I finally freaking figured out some cryptic part of Tamarin. What the numbers in vm_min.cpp mean! Well kind of mean, or at least how they are generated. Let's take a quick look at the following:

VM_Min.cpp
// OP_getslot offset=6346
NEST, /* npck -6288 */ 112, 231, IMM, LIT8, 1, ISUB, NEST, /* getslot -4840 */ 24, 237, NEXT,

The op_getslot refers to the JavaScript opcode getslot. The offset 6346 is the index of the code_pool to the Forth words that execute getSlot. Now what the heck does 112, 231 with an npck of -6288 mean? It means, to jump to the Forth word npck, we have to go back -6288 from our current position. How did we get this number?
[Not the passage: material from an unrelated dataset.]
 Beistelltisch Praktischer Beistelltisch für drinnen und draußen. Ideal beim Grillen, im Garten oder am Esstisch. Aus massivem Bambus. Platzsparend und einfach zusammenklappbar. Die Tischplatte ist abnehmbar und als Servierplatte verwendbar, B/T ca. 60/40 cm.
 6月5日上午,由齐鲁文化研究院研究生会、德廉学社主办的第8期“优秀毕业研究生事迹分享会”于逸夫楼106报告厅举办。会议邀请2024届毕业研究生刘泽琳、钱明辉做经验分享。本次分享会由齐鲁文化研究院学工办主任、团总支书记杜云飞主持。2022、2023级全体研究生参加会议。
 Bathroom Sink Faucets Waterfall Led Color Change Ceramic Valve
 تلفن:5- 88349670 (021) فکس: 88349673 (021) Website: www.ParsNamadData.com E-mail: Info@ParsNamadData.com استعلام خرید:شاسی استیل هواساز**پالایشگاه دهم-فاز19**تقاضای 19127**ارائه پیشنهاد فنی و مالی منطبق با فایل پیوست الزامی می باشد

Well 6346 is the getslot offset, 59 is the npck offset. So we have the equation:

6346(getslot offset) + 1(NEST) - 59(npck offset) = 6288 difference.
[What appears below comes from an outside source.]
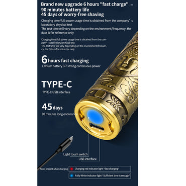 Description : 1. Mini cylinder body, portable and easy to shave2. Titanium alloy self-grinding blade to ensure long-term sharpness3. Individual Buddha head carving design4. USB fast charging, portable for home...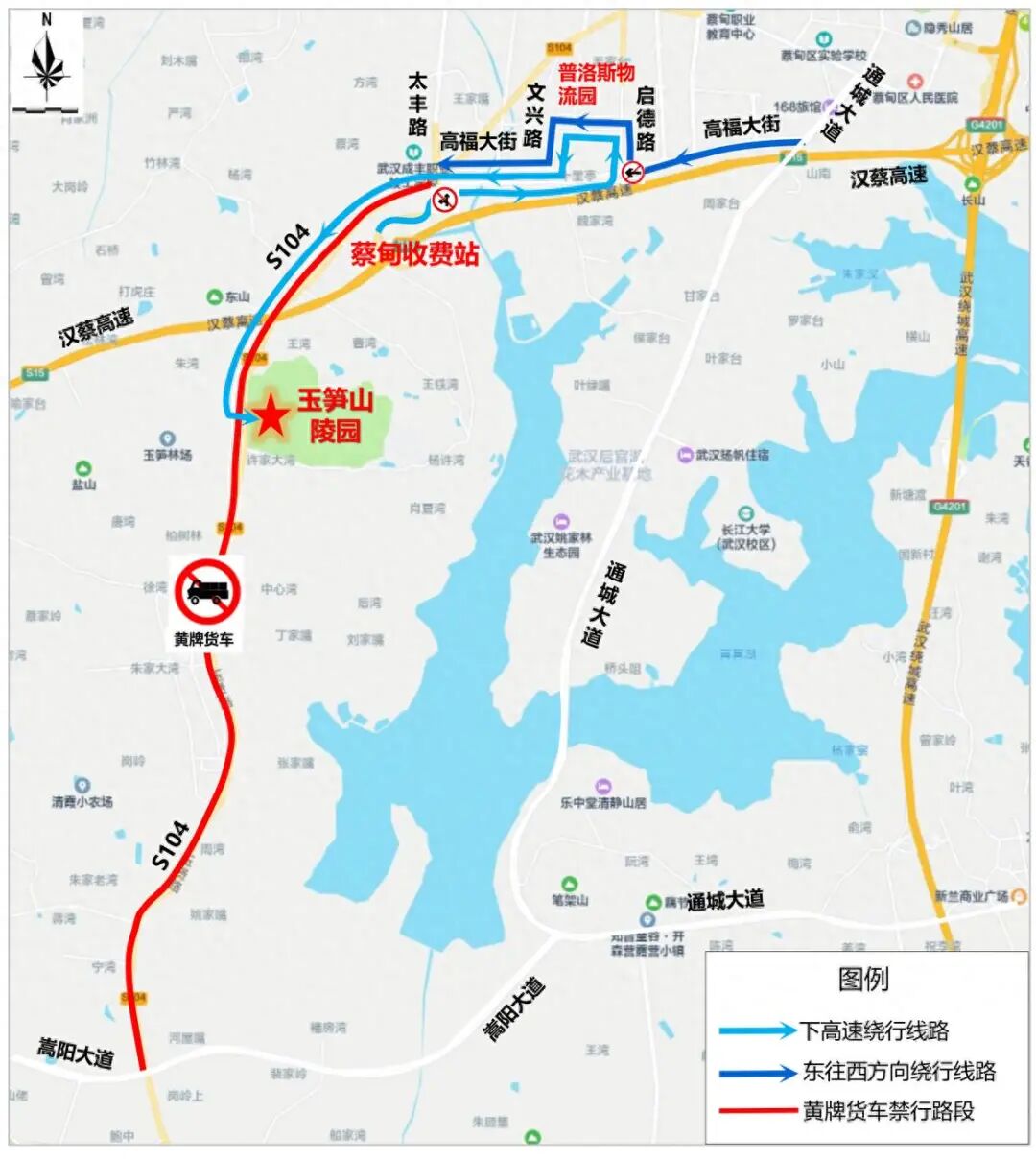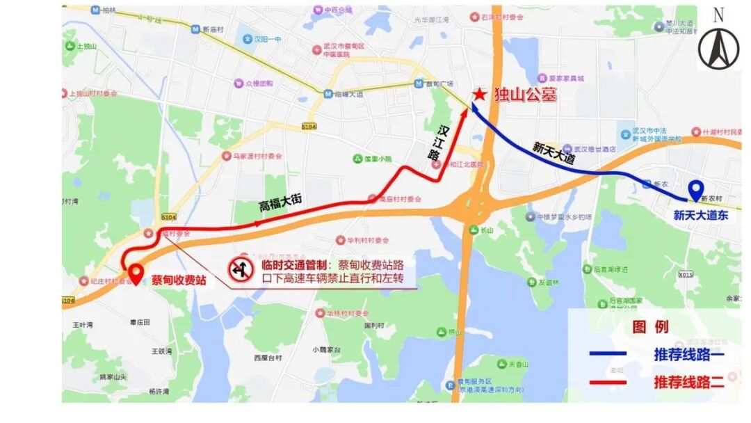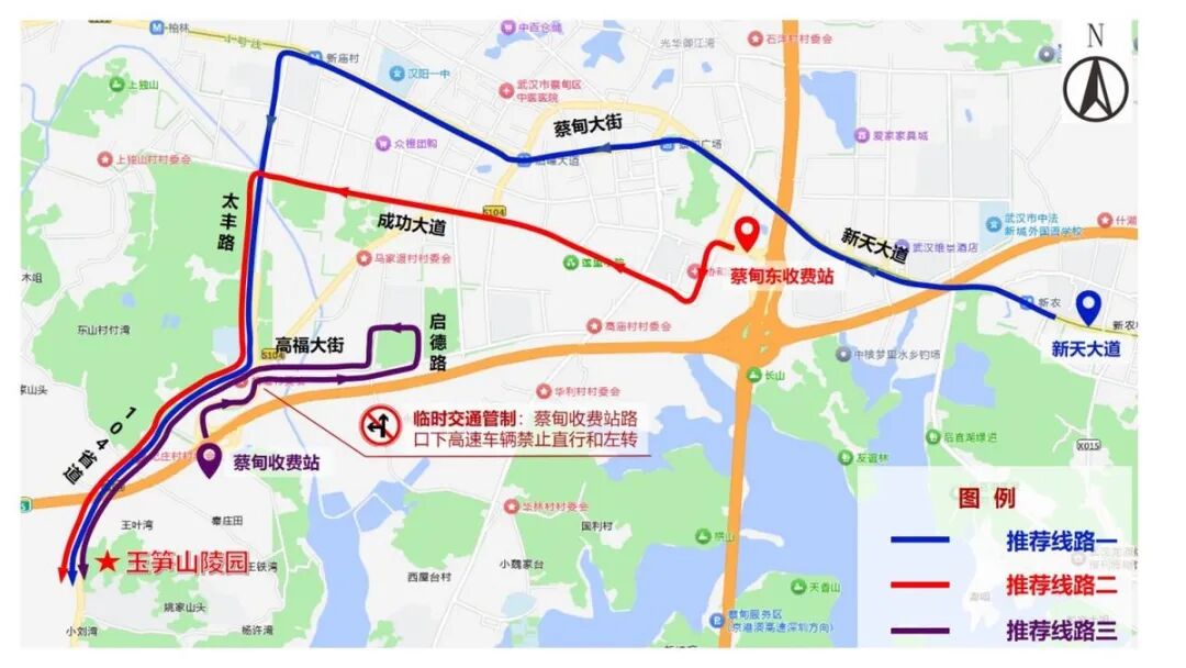- 推荐线路三:中心城区-汉蔡高速蔡甸收费站-高福大街-启德路-苏李路-高福大街-104省道-玉笋山陵园。

The +1 is because we are one position PAST getslot, which is due to the NEST. So what do these numbers 112, 231 mean? Time for some binary fun! The most significant bit is defined by the furthest right number. Therefore, 231 is the MSB, and 112 is the LSB here. Convert these two numbers to binary individually, and then concatenate them:

231 = 0b11100111
112 = 0b1110000
Concatenated:
// 231   // 112
11100111 01110000 // -6288 in 2s complement
Convert to a positive number to verify and we get:
0001100010010000
Which is:
6288 = 0b1100010010000

But what about positive offsets. Simple! Attach a 0 to the MSB:

/* delmultiprop_subarray 159 */ 159, 0,

Ahh the convolution only Tamarin can provide!

* Update provided by Adobe:
the primitives NEST and JUMP take a signed 16-bit offset, which is stored as two unsigned 8-bit bytes in the code_pool array.